Seminar Trip to Vienna (October 18-21, 2018): “HSAR 837: The Painting of Modern Life”

Seminar Trip to Vienna (October 18-21, 2018): "HSAR 837: The Painting of Modern Life"

November 8, 2018

Over October recess, students in the fall 2018 graduate seminar “The Painting of Modern Life” traveled to Vienna for a study trip centered on the Pieter Bruegel the Elder retrospective held at the Kunsthistorisches Museum. The course, led by Professor Marisa Bass, considers Bruegel as a pivotal figure in charting the development of genre painting in the Low Countries. 

The trip began with visits to St. Stephen’s Cathedral and the Kaiserliche Schatzkammer, which offered an opportunity to situate the Viennese collections within a history of artistic consumption and display in the Holy Roman Empire. At the Albertina Museum print room, students examined rarely exhibited drawings and prints by Bruegel and Hieronymous Bosch with Laura Ritter, curator of Netherlandish and French art.

Tracing the Boschian tradition continued at the Theatermuseum, where the Last Judgment triptych attributed to Bosch is on view, temporarily relocated from the Akademie der Bildenen Künste. Later, at the Secession, students encountered a landmark of Viennese modernism in Gustav Klimt’s Beethoven Frieze.

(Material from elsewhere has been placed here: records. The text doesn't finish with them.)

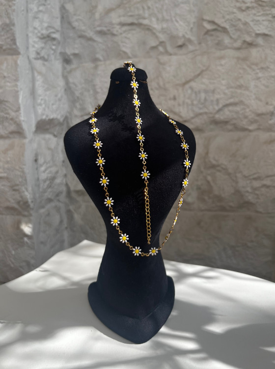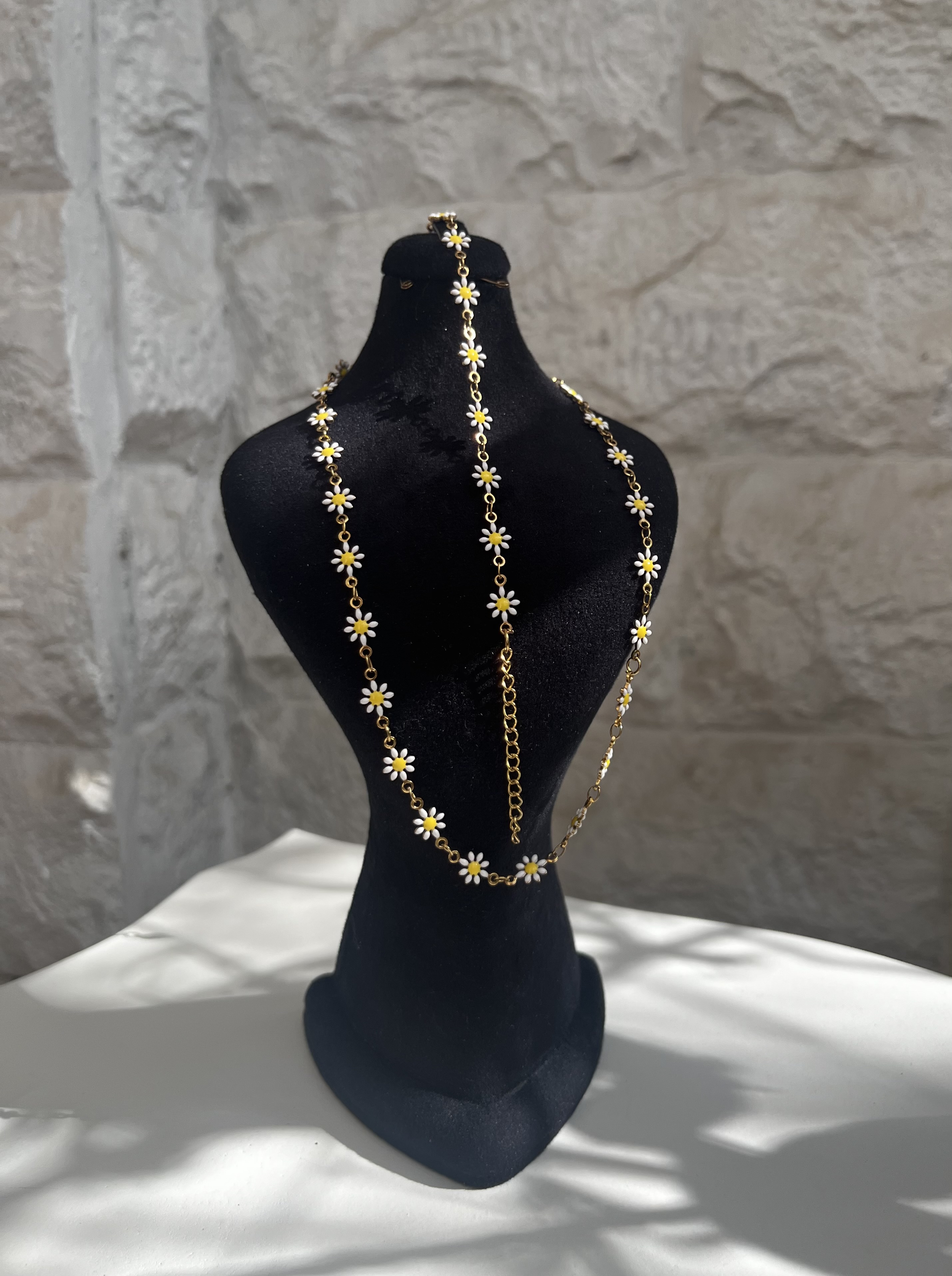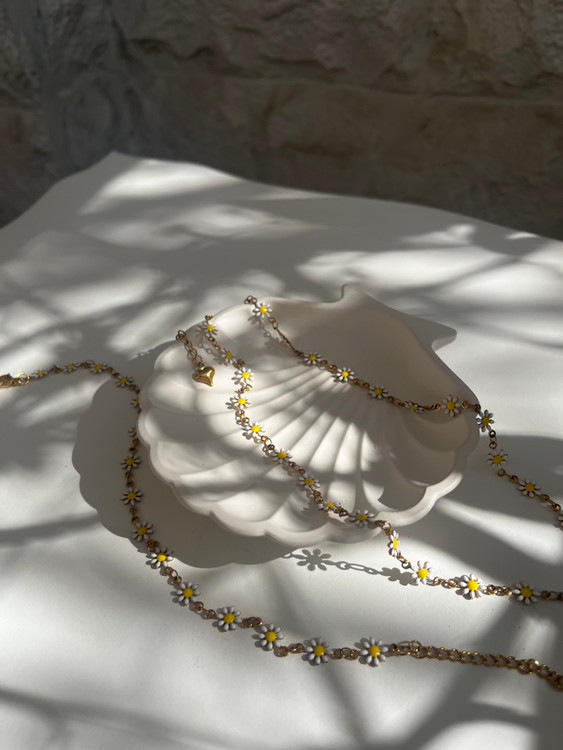 اگه دنبال یه ست ظریف و دلبری که هم خاص باشه هم همیشه مُد، ست گردنبند و دستبند بابونه طلایی ریز انتخابیه که سریع دلتو میبره 🌼✨
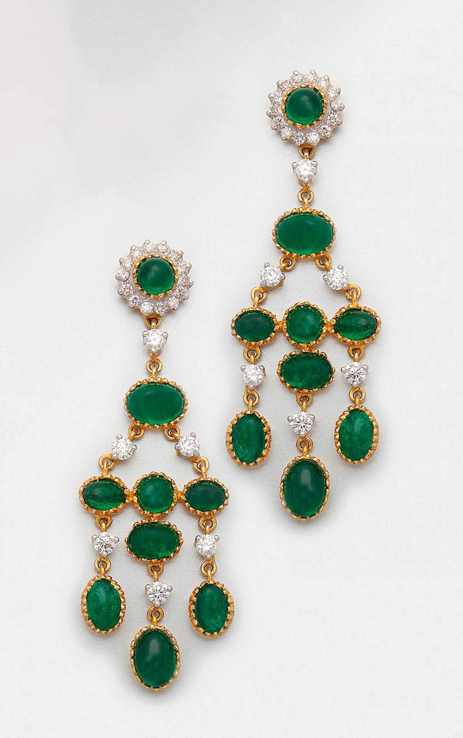 Paar repräsentative Smaragd-Chandeliers Gelbgold, gest. 750. Schauseitig besetzt mit leuchtendgrünen Smaragdcabochons von zus. ca. 15 ct., unterteilt durch Brillanten von zus. ca. 1,90 ct.; Ges.-Gew. ca. 20,62 g. Sehr feine Goldschmiedeausführung im orientalischem Stil.
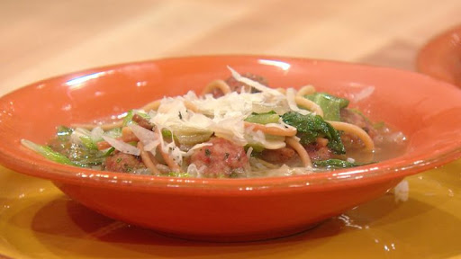 Mini Meatball Soup with Broken Spaghetti and Escarole
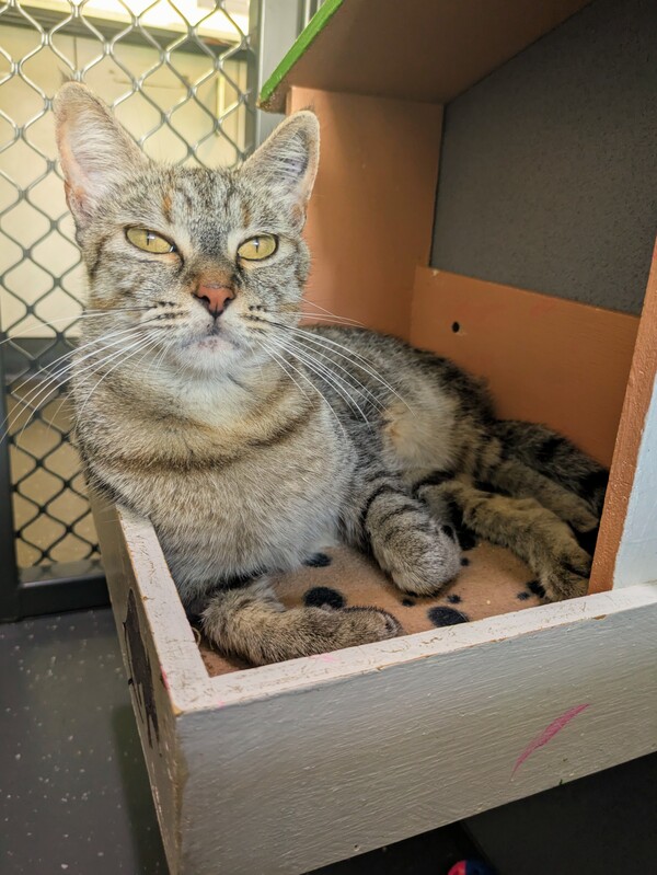 Meow there! My name is Schnookums, they call me that because I am such a smoochy girl. I am a mellow lady, all I need in life is a lap to lay on and a hand to scratch my chin. I am housed with another cat and have not shown any aggression towards the cats in the cat room, so staff are confident that with proper introduction I will be able to live with another cat in my new home. Nothing much phases me so staff think I can go to a home with children as long as they are cat savvy. So are you after a sweet and cuddly gal? I might be the one for you!
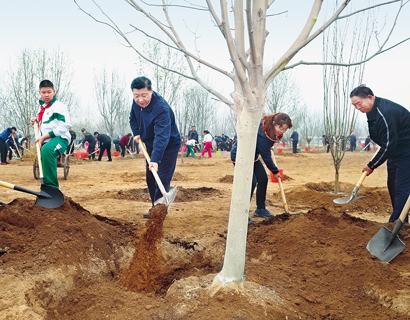 2018年4月2日,黨和國家領導人習近平、李克強、栗戰(zhàn)書、汪洋、王滬寧、趙樂際、韓正、王岐山等來到北京市通州區(qū)張家灣鎮(zhèn)參加首都義務植樹活動。這是習近平同大家一起植樹。 新華社記者 謝環(huán)馳/攝
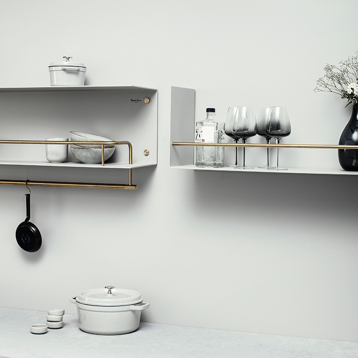 The heavy-duty shelf is made from laser cut 4mm sheet aluminium, press bent and powder coated. To keep your belongings where they should be, it features a 12mm hand polished solid metal guard rail, polished by hand and matching solid metal coin screws.
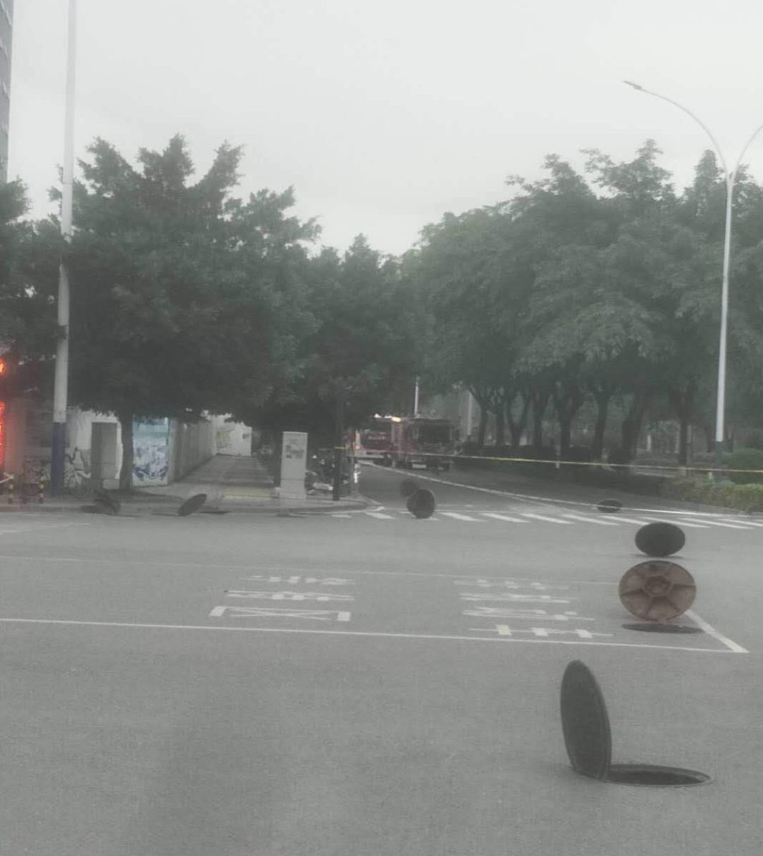 所有井蓋都立了起來,網(wǎng)友推測可能是在“通氣”
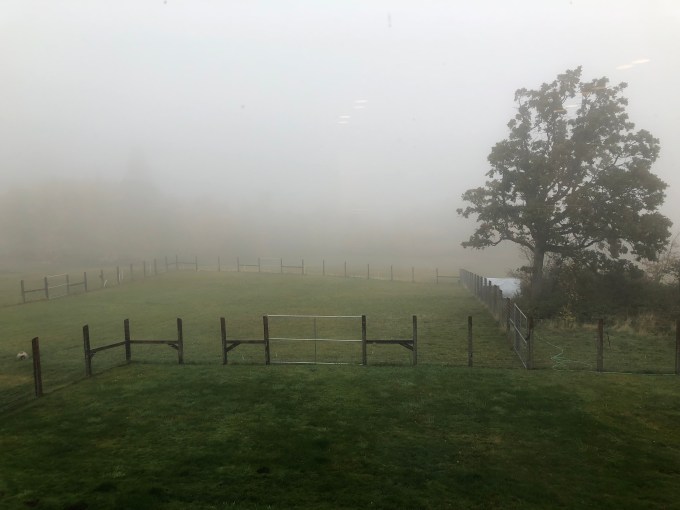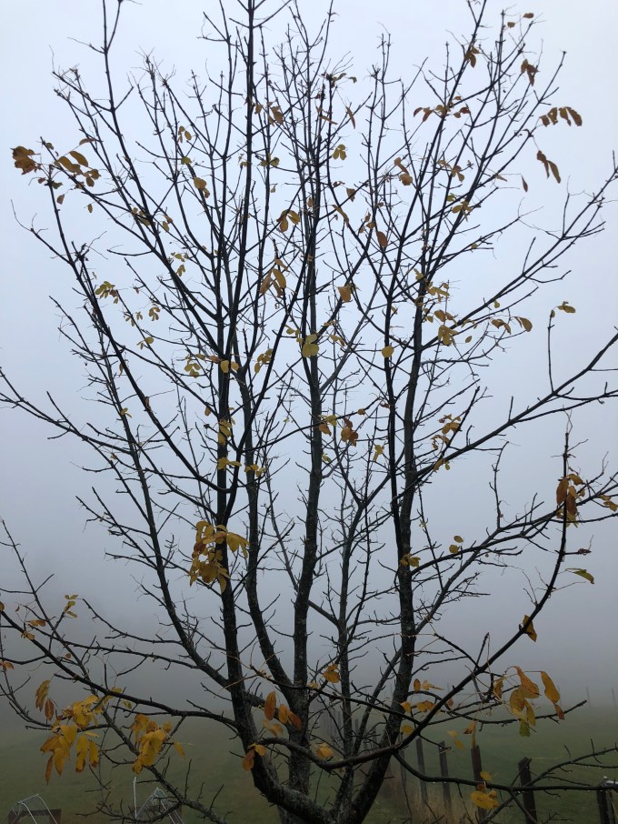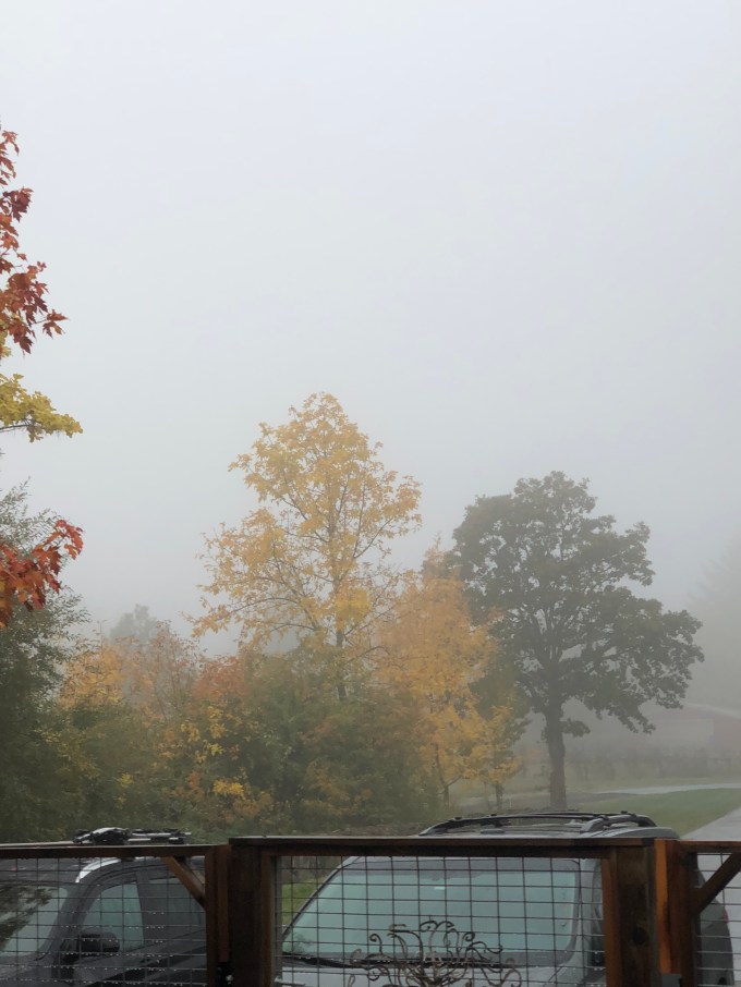 I woke to dim dark in the early morning and heard rain melody on the gutter organ, the pit pit pit on metal and the gentle swoosh through shoots channeling the draining off the roofline. Dim dark lightened ever so slow to dim light. The cloak of fog was covering the morning. My world was completely changed.

The ensuing days were devoted to careful study of the Bruegel exhibition and the Kunsthistorisches Museum’s permanent collections. Looking at works by Pieter Aertsen, Joachim Beuckelaer, and Frans Snyders, students contemplated evolving approaches to representing daily life in depictions of the kitchen and marketplace. Students also perused the museum’s Kunstkammer, or cabinet of curiosities, and its vast holdings of European painting. In the final hours of the trip, students independently visited other Viennese sites of interest including the Leopold Museum, Imperial Carriage Museum, Natural History Museum, and Globe Museum.